465 views Asked by At

I have an XML file that states it's using utf-8. When I open the file in VIM, I see something like

<?xml version="1.0" encoding="UTF-8"?> 
<r>
  <first-tag>foo</first-tag>
  <second-tag>
     &lt;a-tag-nested-in-second-tag&gt;some data&lt;/a-tag-nested-in-second-tag&gt;
  </second-tag>
  ...
</r>

I'm using Java 1.6.0_41's SAXParser and while consuming this data, the parser basically doesn't see the malformed literals and skips over them or seems to treat the malformed chars as "content" data for second-tag.

Here's how I'm consuming data,

File f = ...
SAXParser parser = SAXParserFactory.newInstance().newSAXParser();
stream = new FileInputStream(f);
AbstractHandler handler = ...
parser.parse(new InputSource(stream), handler);

Is there a way for SAX to treat the nested escaped XML data as truly XML markup and not merely data as-is for second-tag?

1

There are 1 answers

3
kjhughes On BEST ANSWER

UTF-8 is a character encoding. It wouldn't make sense to have multiple character encodings in a single file, nor do you show any evidence of having multiple character encodings.

What you do show are multiple character entity references such as &lt; and &gt;. These are not a problem, although they may indicate (intentional or accidental) escaped output of XML markup.

What is a problem is that your "XML" lacks a single root element and is therefore not well-formed.

If you give your markup a single root element,

<?xml version="1.0" encoding="UTF-8"?>
<r>
  <first-tag>foo</first-tag>
  <second-tag>
    &lt;a-tag-nested-in-second-tag&gt;some data&lt;/a-tag-nested-in-second-tag&gt;
  </second-tag>
</r>

an XML parser will be able to parse it just fine.

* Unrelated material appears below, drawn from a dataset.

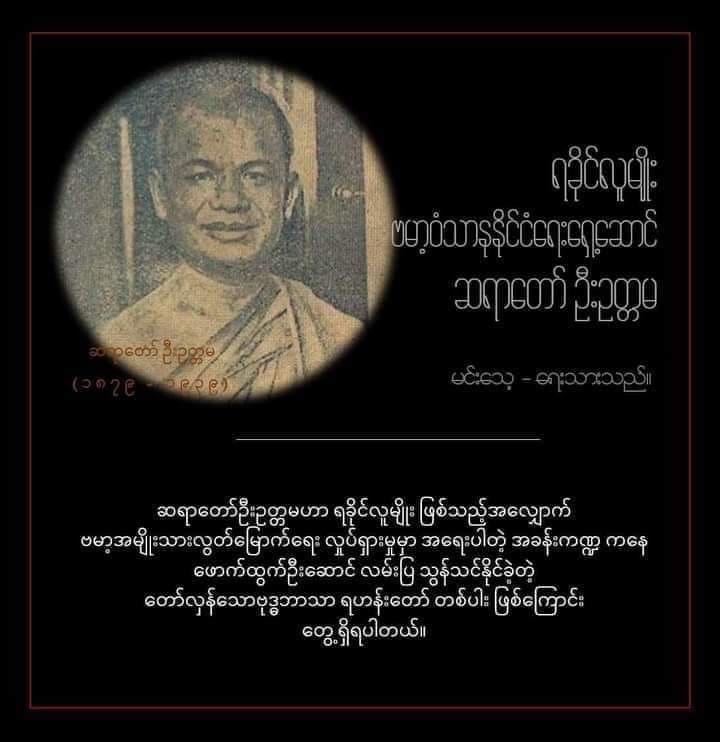 ရခိုင်လူမျိုး ဗမာ့ဝံသာနုနိုင်ငံရေးရှေ့ဆောင် ဆရာတော် ဦးဥတ္တမ
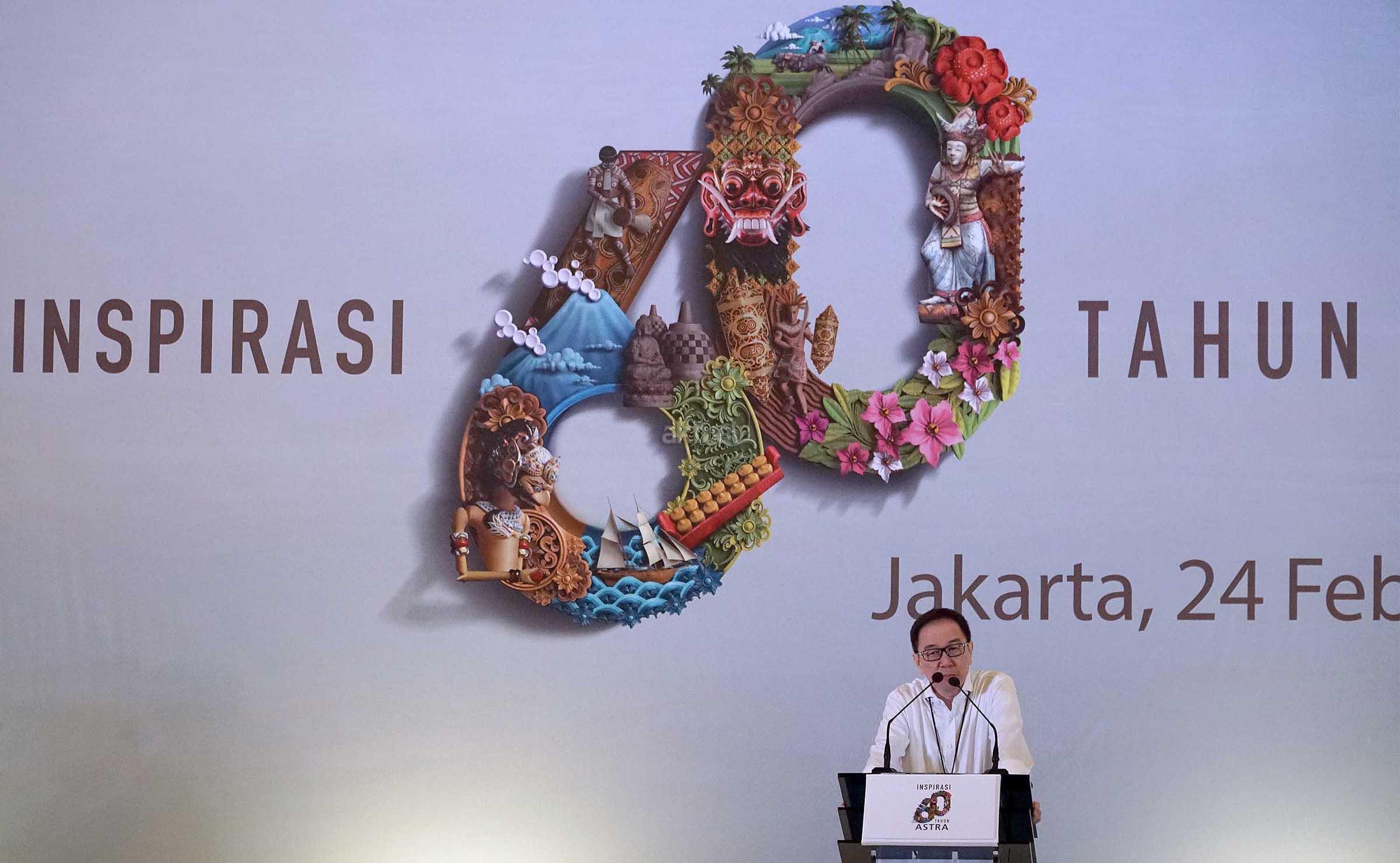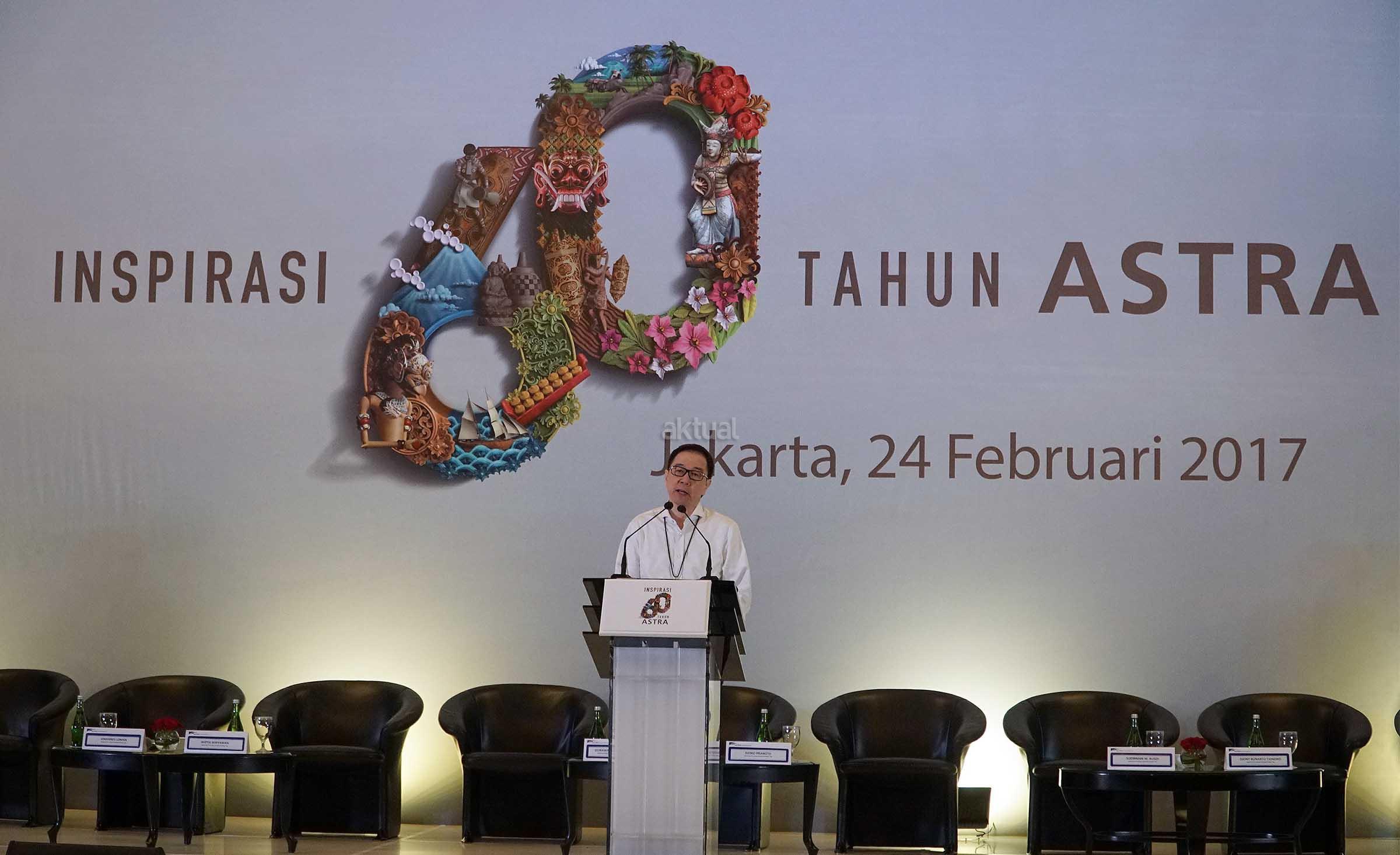 Presiden Direktur PT Astra International Tbk Prijono Sugiarto saat memberikan sambutan pada acara Media Gathering HUT ke-60 Astra di Jakarta,Jumat (24/2).PT Astra International Tbk terus berupaya berkontribusi positif terhadap kemajuan bangsa di berbagai bidang, seiring dengan cita-cita perusahaan untuk sejahtera bersama bangsa. Selama 60 tahun kehadirannya di tengah-tengah masyarakat Indonesia, Astra telah menjadi bagian dari dinamika kehidupan sosial ekonomi masyarakat Indonesia.Komitmen tersebut ditegaskan kembali dalam peringatan HUT ke-60 Astra dengan tema “Berbagi Inspirasi Membangun Bangsa.” Selama 6 dekade, Astra tumbuh dan berkembang bersama bangsa sebagai wujud nyata dari filosofi Astra untuk terus memberikan manfaat bagi banyak orang. Nilai ini yang membuat usaha Astra berkelanjutan, bahkan berkembang cukup signifikan hingga sekarang. AKTUAL/Eko S Hilman

Update per comments and updated question

Is there a way for SAX to treat the nested escaped xml data as truly xml markup and not merely data as-is for "second-tag"?

No, there's not a simple configuration flag that'll direct SAX to treat escaped XML as regular XML. SAX will rightly see the escaped XML data as the characters and character entity references that it is. Your options include fixing the problem upstream by

  1. eliminating the escaping of the XML you wish to preserve, or
  2. post-processing the escaped XML data to re-establish the original XML.

Note that option #2 might itself involve a SAX-based parser whose entity handlers you've designed to rebuild the original XML.

See also how to unescape XML in java.